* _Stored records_
○ ○ ○ ○ ○

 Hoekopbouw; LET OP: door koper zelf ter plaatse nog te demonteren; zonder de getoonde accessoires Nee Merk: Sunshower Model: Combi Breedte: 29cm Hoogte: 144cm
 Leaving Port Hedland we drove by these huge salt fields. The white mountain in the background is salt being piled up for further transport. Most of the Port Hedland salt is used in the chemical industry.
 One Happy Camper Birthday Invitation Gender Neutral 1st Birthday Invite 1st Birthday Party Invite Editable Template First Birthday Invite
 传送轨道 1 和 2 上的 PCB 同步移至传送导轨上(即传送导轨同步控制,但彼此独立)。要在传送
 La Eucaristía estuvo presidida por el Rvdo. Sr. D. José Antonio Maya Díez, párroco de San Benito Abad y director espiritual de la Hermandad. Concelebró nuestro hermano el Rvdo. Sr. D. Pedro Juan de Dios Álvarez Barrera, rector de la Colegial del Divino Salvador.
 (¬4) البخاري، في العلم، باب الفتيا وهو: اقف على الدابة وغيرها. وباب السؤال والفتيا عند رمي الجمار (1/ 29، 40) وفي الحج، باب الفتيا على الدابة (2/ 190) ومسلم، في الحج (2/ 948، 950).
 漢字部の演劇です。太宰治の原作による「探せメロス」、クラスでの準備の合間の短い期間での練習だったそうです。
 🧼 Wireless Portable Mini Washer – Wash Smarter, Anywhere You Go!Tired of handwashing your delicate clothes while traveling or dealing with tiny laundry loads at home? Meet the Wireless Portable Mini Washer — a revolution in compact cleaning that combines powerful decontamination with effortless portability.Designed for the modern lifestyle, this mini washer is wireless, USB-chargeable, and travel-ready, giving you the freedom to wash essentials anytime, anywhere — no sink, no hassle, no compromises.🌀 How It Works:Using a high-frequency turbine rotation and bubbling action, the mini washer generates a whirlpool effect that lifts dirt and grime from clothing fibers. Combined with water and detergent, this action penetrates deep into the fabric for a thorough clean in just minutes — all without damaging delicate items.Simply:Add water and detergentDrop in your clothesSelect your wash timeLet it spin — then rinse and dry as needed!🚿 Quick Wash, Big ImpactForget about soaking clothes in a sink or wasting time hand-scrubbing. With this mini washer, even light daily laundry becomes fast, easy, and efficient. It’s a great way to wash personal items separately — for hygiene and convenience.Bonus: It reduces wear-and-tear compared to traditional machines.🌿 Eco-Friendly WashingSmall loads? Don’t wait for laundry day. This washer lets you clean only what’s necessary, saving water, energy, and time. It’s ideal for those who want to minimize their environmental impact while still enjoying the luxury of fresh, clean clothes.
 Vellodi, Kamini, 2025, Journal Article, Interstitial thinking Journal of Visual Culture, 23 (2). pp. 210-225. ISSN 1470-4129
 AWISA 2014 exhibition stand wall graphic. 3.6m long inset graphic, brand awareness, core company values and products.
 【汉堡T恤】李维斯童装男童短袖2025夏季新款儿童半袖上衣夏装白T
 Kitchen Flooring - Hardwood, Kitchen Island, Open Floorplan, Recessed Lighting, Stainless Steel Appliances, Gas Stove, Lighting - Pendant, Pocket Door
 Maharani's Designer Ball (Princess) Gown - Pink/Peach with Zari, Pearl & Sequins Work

○ ○ ○ ○ ○

* _Action item_
Start with the line that contains "Vellodi, Kamini, 2025, Journal", end with the last line of the entries, and please retype every line in that span exactly, with no others.

* _Written answer_
 Vellodi, Kamini, 2025, Journal Article, Interstitial thinking Journal of Visual Culture, 23 (2). pp. 210-225. ISSN 1470-4129
 AWISA 2014 exhibition stand wall graphic. 3.6m long inset graphic, brand awareness, core company values and products.
 【汉堡T恤】李维斯童装男童短袖2025夏季新款儿童半袖上衣夏装白T
 Kitchen Flooring - Hardwood, Kitchen Island, Open Floorplan, Recessed Lighting, Stainless Steel Appliances, Gas Stove, Lighting - Pendant, Pocket Door
 Maharani's Designer Ball (Princess) Gown - Pink/Peach with Zari, Pearl & Sequins Work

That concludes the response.